I like how Chris Wright describes how the Old Testament sets forth a basic worldview by asking and answering four questions:
- Where are we? What is the nature of the universe and this planet on which we live? How does it come to be here and have a future?
- Who are we? What does it mean to be human and how, if at all, are we distinct from the rest of the living creatures we live among?
- What’s gone wrong? What is the cause of the way things are, which we instinctively feel is not the way they should be? Why are we in such a mess?
- What’s the solution? What, if anything, can be done to put things right? Is there hope for the future, and if so, hope in what or whom or by when?
These are all questions the Old Testament answers for us.

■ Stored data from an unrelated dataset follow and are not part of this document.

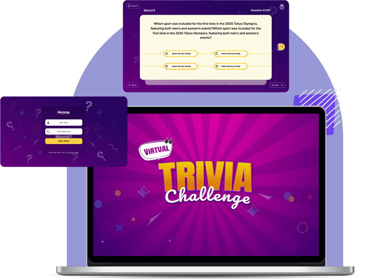 Our intuitive platform guides you through setup, making it easy to get started in minutes. Choose from our pre-built trivia templates or customize your own questions to tailor the experience to your team's interests.
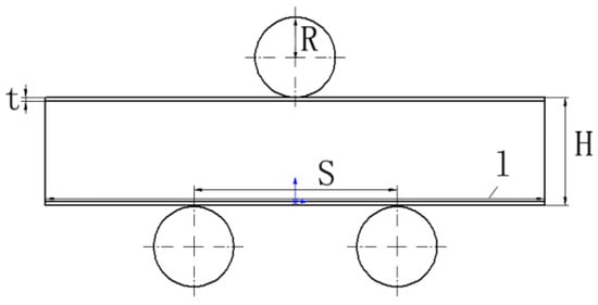 Pure aluminum foam with closed cells was selected to be the core foam material for the aluminum foam sandwiches. They included 3 different densities, which are listed in Table 1. In this paper, “low-density samples” refers to samples with the core of 0.3 g/cm3 and 0.4 g/cm3, and “high-density samples” refers to samples with the core of 0.6 g/cm3, respectively. Additionally, 1 mm thick aluminum alloy 5056 was used as the surface face material. Aerial glue coat was used as the joining glue. The sandwich panels are made using the hot press method at 90 °C for 10 min to join the face sheets and the core. The thickness of the core, c, the thickness of the skin, t, the length, a, width, b, the thickness of the aluminum foam sandwich, c, and the distance between the lower rolls, S, are shown in Figure 1 and Table 2.
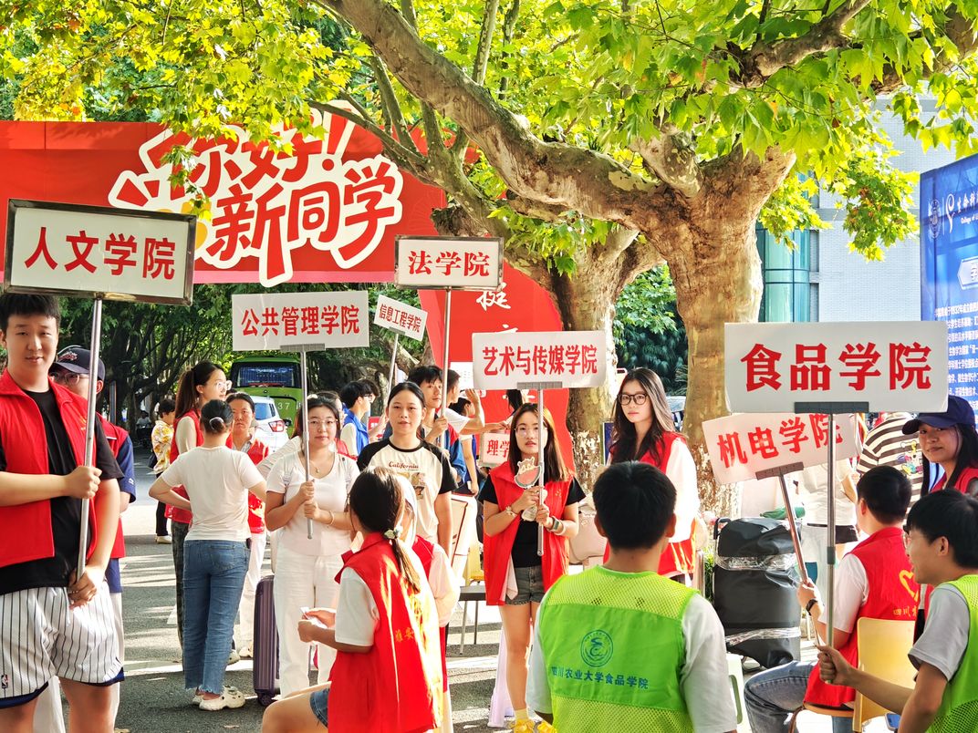 On September 9, 2025, in Ya'an City, Sichuan Province, China, the campus of Sichuan Agricultural University was bustling with people. Volunteers held signs of various colleges to guide the 2025 freshmen to register and enroll.
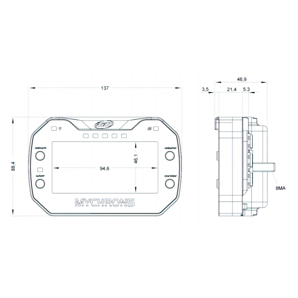 MyChron5 S mēra un parāda izplūdes gāzu temperatūru, apgriezienus, motora temperatūru, ātrumu, apļa laiku, pārnesumu; visas funkcijas var konfigurēt un viegli izvēlēties, izmantojot 4 pogas.
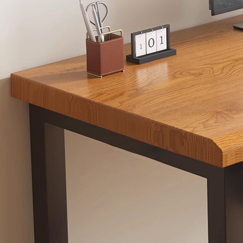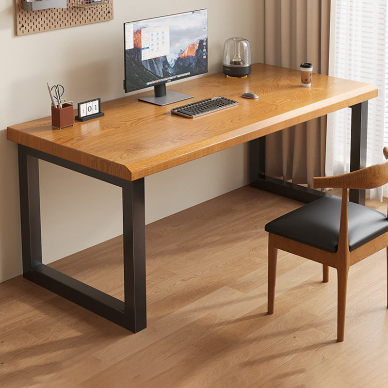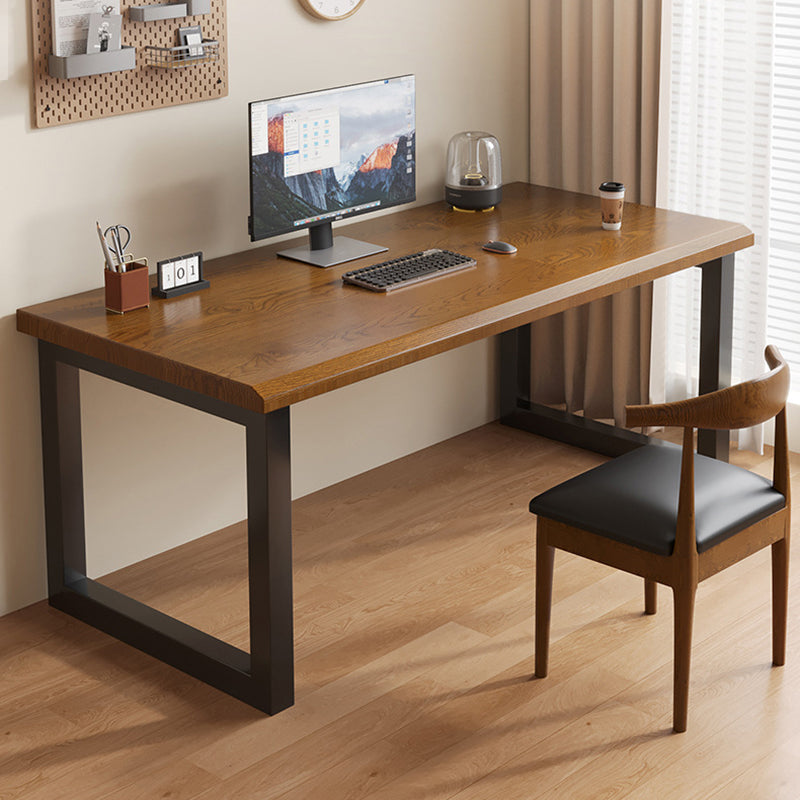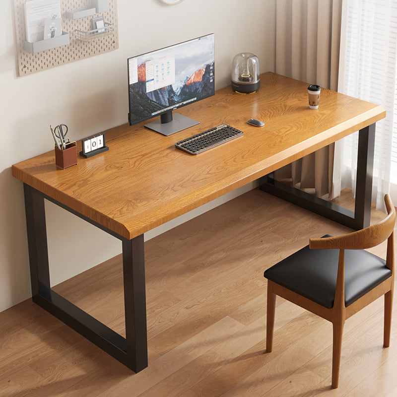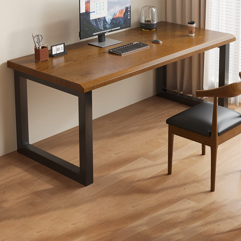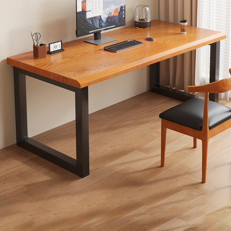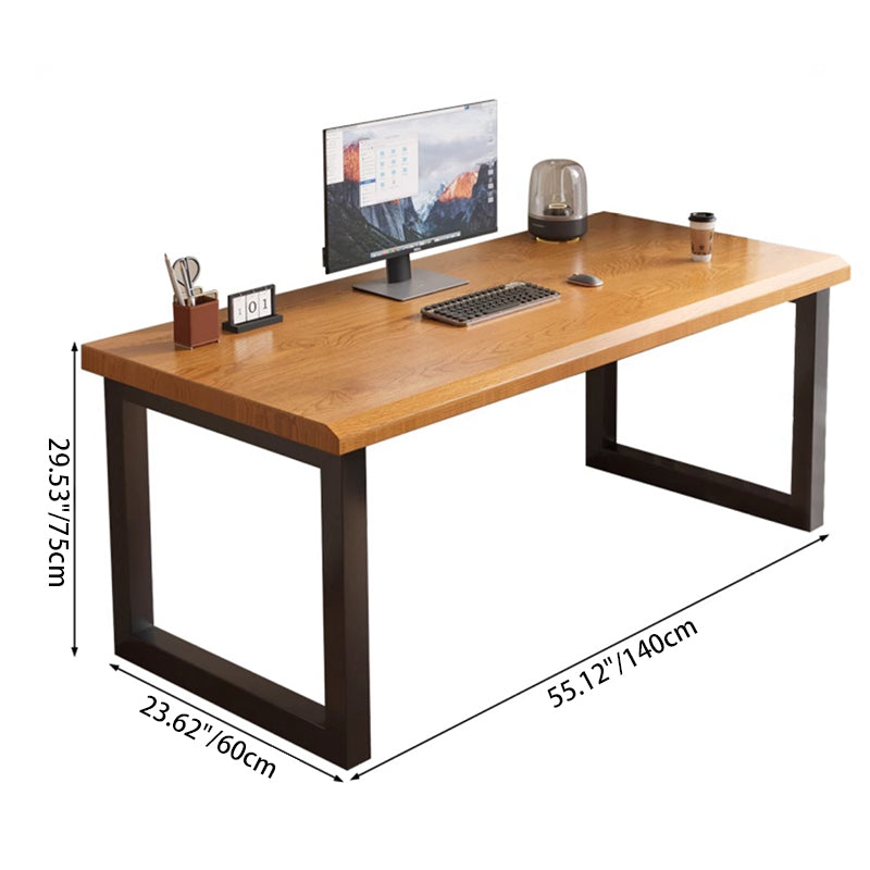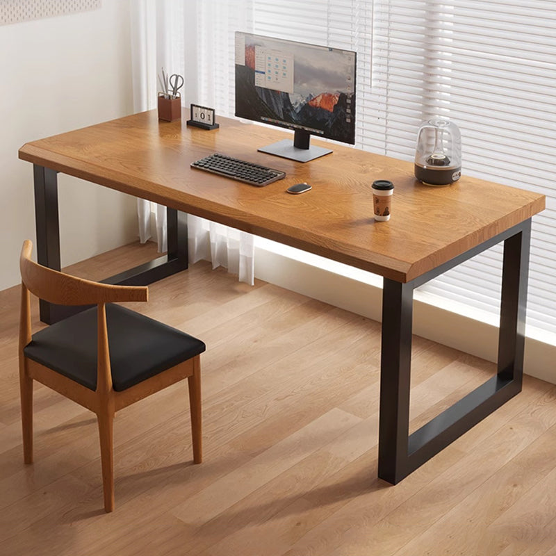 This Traditional Chinese office desk features a wide rectangular solid wood tabletop supported by a durable iron frame, offering stable everyday performance for work or study. The single-tier structure highlights the natural wood grain and is available in golden brown, natural wood, black walnut, light walnut, cherry, and dark walnut finishes, combining practicality with timeless style.
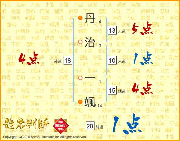 あなたの人生を表す1番重要な運勢です。生涯を通じて影響する総合運となり、主に50歳以降の晩年期に影響を及ぼします。苗字と名前の合計画数。
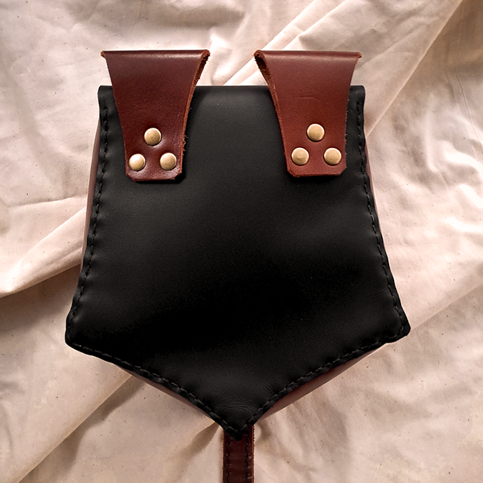 Esta confeccionado en tres piezas, lo que hace que tenga el tamaño ideal para llevar un celular y otras cosas esenciales. Es estilo faltriquera o sporran,  por lo cual se lleva a la cadera o cintura con un cinturón (no incluido).

They are also things which are expanded, elaborated upon, or assumed as background in the New Testament.
Wright says the Old Testament provides the following answers to these four questions:
- This world is part of the good creation of the one single living God, whom we know as the LORD. It wholly belongs to this God (no part belongs to other gods), and the Lord is sovereign over all that exists ‘in heaven above, on earth below and under the earth.’
- ‘We’ in the wider sense are human beings made in the image of the creator God, made for relationship with God and one another. ‘We’ in the narrower sense are an elect people in unique relationship with the Lord who is both our covenant God and the universal God of the nations, who through a great historical deliverance (exodus), through the covenant made at Sinai, and through the gift of the land constituted us as his own people.
- What has gone wrong is that we human beings have rebelled against the creator God, in moral and spiritual disobedience, and this has brought evil consequences into every aspect of human life, including the individual personality, our relationships with one another, with our physical environment, and with God.
- The solution lies with this same creator God who has addressed the problems of the nations of humanity by a historical project of redemption, beginning with the choice of Abraham (the father of our nation) and extending to include the blessing of all nations and a new creation.